病理診断のアップデート、というと、イコール「新しい免疫染色の抗体を買うこと」と思っている若い病理医がいる。まあそうやってたずねると「そんなことないですよ!」と言うだろうが、実際にそういう人たちの仕事をじっくり眺めると、「最近ようやくこの抗体でこれらの病気を区別できるようになったんですよ~」みたいなことを息を吸うように述べるので……いやこの表現はおかしいか。述べるんだったら息を吐くように、か。待てよ、ふつうは「息をするように」だな。おまけにこの表現は「嘘を付く」の序詞だよな。いろいろずれてしまった。閑話休題。

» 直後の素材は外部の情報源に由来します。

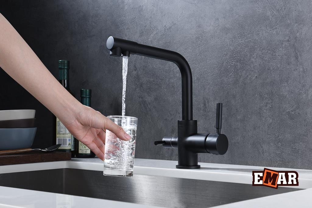 Кухонный смеситель с возможностью подключения фильтра для очистки воды. Фильтрованная вода подается отдельной ручкой через отдельную трубку и не смешивается с водопроводной водой. Однорычажное управление поможет легко регулировать температуру и напор подачи воды. Соответствует стандартам DIN DVGW.
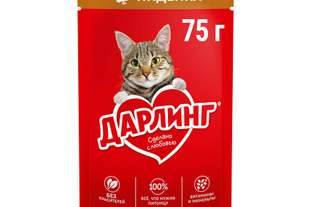 Влажный корм ДАРЛИНГ для взрослых кошек, с индейка в подливе доставка
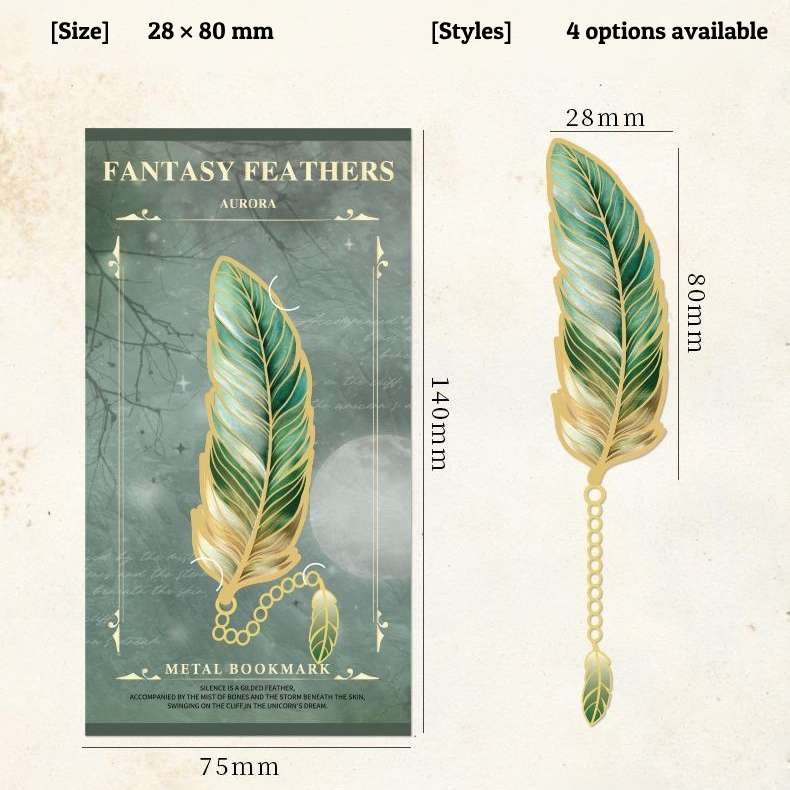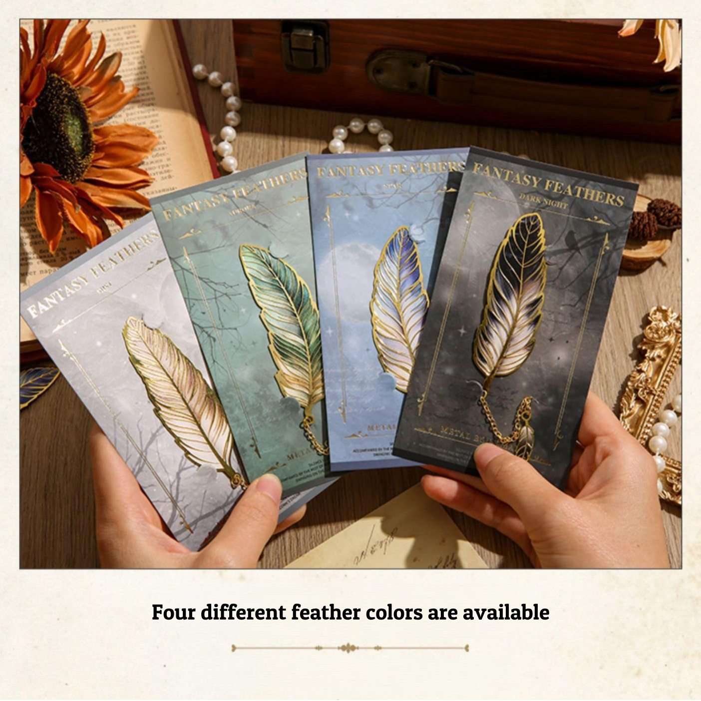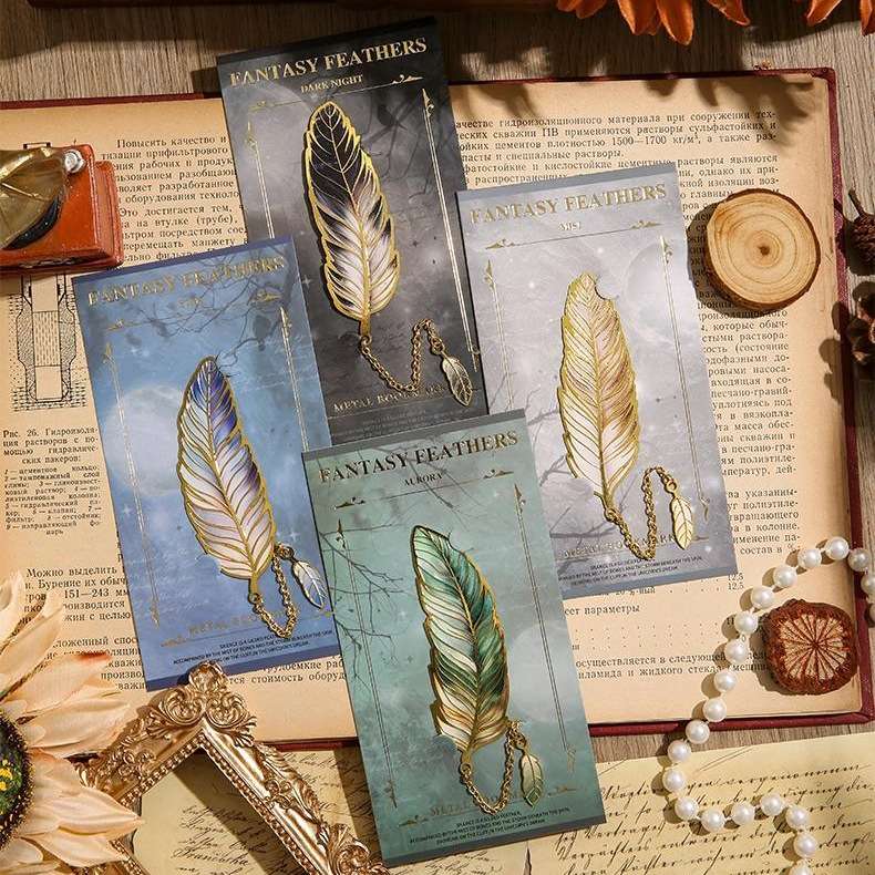 The design features an intricately detailed main feather with a polished gold-tone outline, filled with luminous, ethereal colors. A delicate chain dangles from its base, adorned with a smaller matching feather charm that gracefully hangs over the book’s spine. This vintage aesthetic makes each of these feather bookmarks a stunning accessory that adds a touch of fantasy and sophistication to your reading.

免疫組織化学ばかりアップデートしても診断のレベルは上がっていかない。そこが病理のむずかしいところだ。検査というのは機器がよくなり試薬がよくなると向上するものなのだけれど、「病理検査」に限ってはそうではない……。うーん。この言い方も厳密にはおかしいか。心機能、呼吸機能、神経生理、超音波、細菌検査、血液、どの部門であっても、機械や試薬だけ新しくしてもあまり意味はない。結局はそれを使いこなす人間自体の能力が上がらないと患者にフィードバックする内容は良くならない。病理だけ特別扱いしてもだめ。今日は日本語能力がいまいちだなあ。フォーカスがちょっとずつずれる日だ。

ちなみにこれを書いているのは金曜日でもない。

学会の委員会にウェブで出席。終わり際に、座長役の先生から、先日私が行ったウェブ講演のお礼を言われる。「見ましたよ、おもしろかったです」。委員会のほかのメンバーがきょとんとする。Google meatの画面にうつる私の顔がはっきりと赤くなるのがわかった。……いやGoogle meatってなんだよ。肉まで扱うのかよ。今日は英語もだめだ。言語全般がだめだ。言語全般? ではフィジカルな機能は大丈夫ということかというと、もちろんそんなことはない。なにもかもだめな日だ。診断件数を増やさなくてよかった。そうやって言い訳をしながら、重要な会議に次から次へと出席していく。こんなにだめな日なのにな。